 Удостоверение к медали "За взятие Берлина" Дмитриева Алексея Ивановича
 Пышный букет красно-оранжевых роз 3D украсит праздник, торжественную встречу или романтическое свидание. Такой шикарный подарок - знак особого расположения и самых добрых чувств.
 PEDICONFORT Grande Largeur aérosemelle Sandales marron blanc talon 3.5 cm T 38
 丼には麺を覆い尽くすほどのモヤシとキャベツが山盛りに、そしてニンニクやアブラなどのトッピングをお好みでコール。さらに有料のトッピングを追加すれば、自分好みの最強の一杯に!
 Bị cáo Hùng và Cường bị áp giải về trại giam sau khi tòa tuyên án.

***

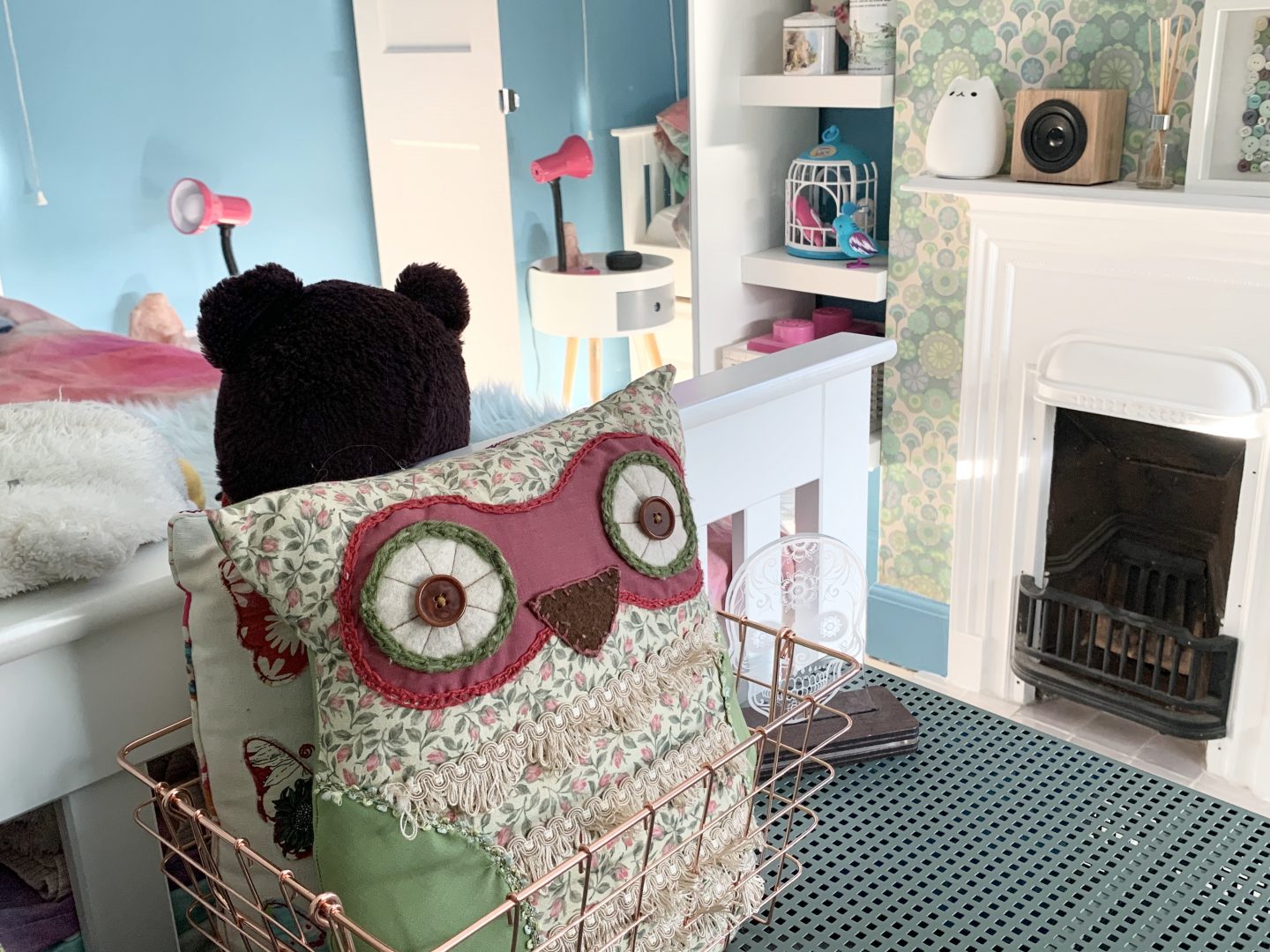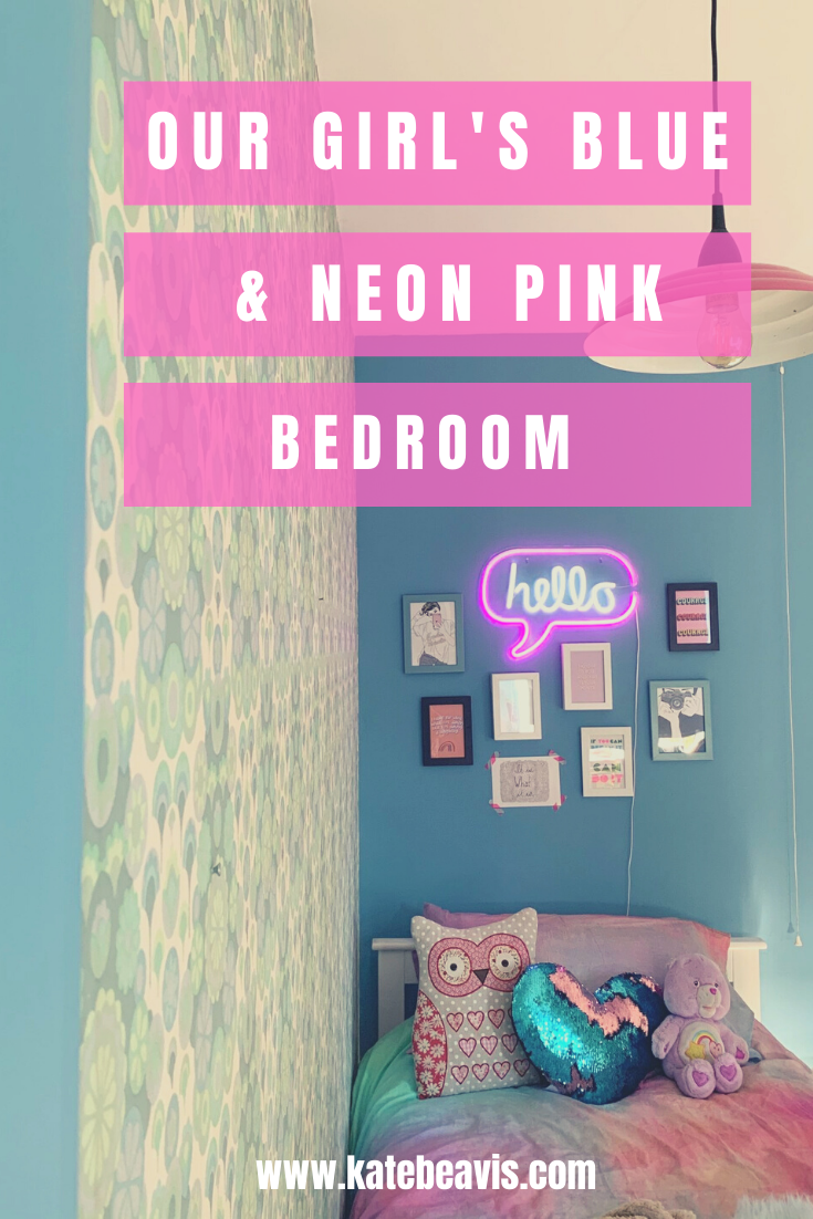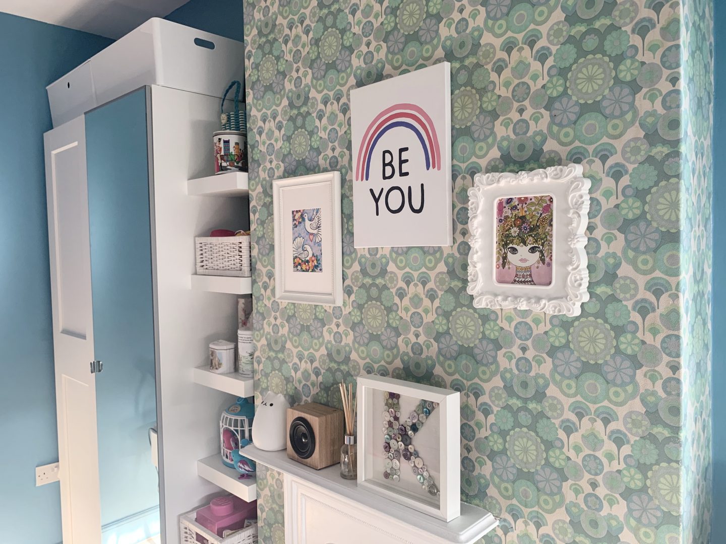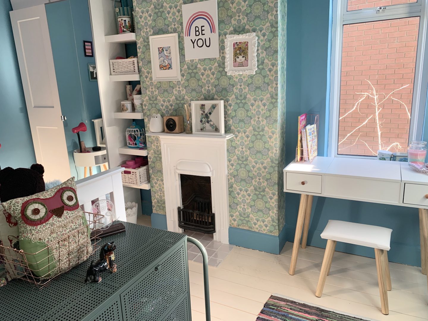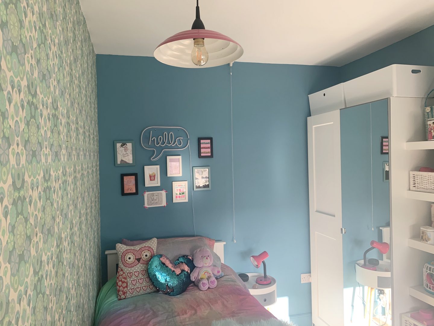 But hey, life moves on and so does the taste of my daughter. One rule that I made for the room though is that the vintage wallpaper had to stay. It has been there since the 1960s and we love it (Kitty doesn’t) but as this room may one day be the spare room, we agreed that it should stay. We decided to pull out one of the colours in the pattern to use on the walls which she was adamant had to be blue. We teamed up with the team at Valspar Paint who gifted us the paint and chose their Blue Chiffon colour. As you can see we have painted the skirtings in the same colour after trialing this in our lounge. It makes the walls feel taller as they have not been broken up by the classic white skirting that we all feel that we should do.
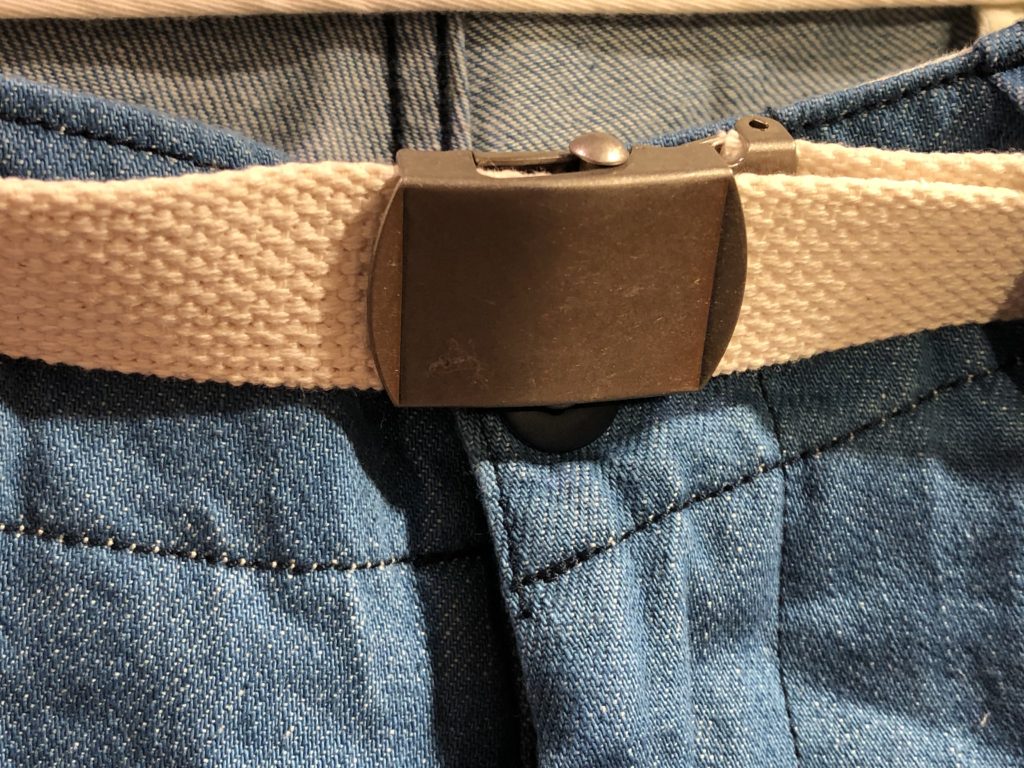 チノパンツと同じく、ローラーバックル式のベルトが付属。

***

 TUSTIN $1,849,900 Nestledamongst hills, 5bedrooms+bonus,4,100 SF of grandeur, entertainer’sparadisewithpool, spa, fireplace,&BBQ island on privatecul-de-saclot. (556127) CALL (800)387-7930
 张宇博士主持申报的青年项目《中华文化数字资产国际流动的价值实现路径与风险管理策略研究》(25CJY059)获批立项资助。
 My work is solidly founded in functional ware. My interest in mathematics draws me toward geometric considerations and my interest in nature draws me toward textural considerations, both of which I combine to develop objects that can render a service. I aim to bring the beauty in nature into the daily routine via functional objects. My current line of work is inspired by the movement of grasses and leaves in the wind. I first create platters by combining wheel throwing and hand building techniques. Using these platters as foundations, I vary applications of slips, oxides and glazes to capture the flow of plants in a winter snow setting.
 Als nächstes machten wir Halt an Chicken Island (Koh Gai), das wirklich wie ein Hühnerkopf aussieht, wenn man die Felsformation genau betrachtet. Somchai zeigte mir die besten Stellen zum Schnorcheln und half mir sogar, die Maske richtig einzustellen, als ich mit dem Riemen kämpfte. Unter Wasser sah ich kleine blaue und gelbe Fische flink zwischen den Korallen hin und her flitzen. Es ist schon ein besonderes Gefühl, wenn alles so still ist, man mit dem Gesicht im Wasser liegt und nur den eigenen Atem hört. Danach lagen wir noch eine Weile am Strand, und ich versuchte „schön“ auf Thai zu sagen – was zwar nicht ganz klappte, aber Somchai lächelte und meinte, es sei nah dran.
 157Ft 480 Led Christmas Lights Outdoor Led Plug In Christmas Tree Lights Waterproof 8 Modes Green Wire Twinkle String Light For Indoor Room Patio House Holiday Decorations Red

***

The required answer is the run of lines above, starting at the line with "Удостоверение к медали" and ending at the line with "Bị cáo Hùng", reproduced exactly with both ends.

 Удостоверение к медали "За взятие Берлина" Дмитриева Алексея Ивановича
 Пышный букет красно-оранжевых роз 3D украсит праздник, торжественную встречу или романтическое свидание. Такой шикарный подарок - знак особого расположения и самых добрых чувств.
 PEDICONFORT Grande Largeur aérosemelle Sandales marron blanc talon 3.5 cm T 38
 丼には麺を覆い尽くすほどのモヤシとキャベツが山盛りに、そしてニンニクやアブラなどのトッピングをお好みでコール。さらに有料のトッピングを追加すれば、自分好みの最強の一杯に!
 Bị cáo Hùng và Cường bị áp giải về trại giam sau khi tòa tuyên án.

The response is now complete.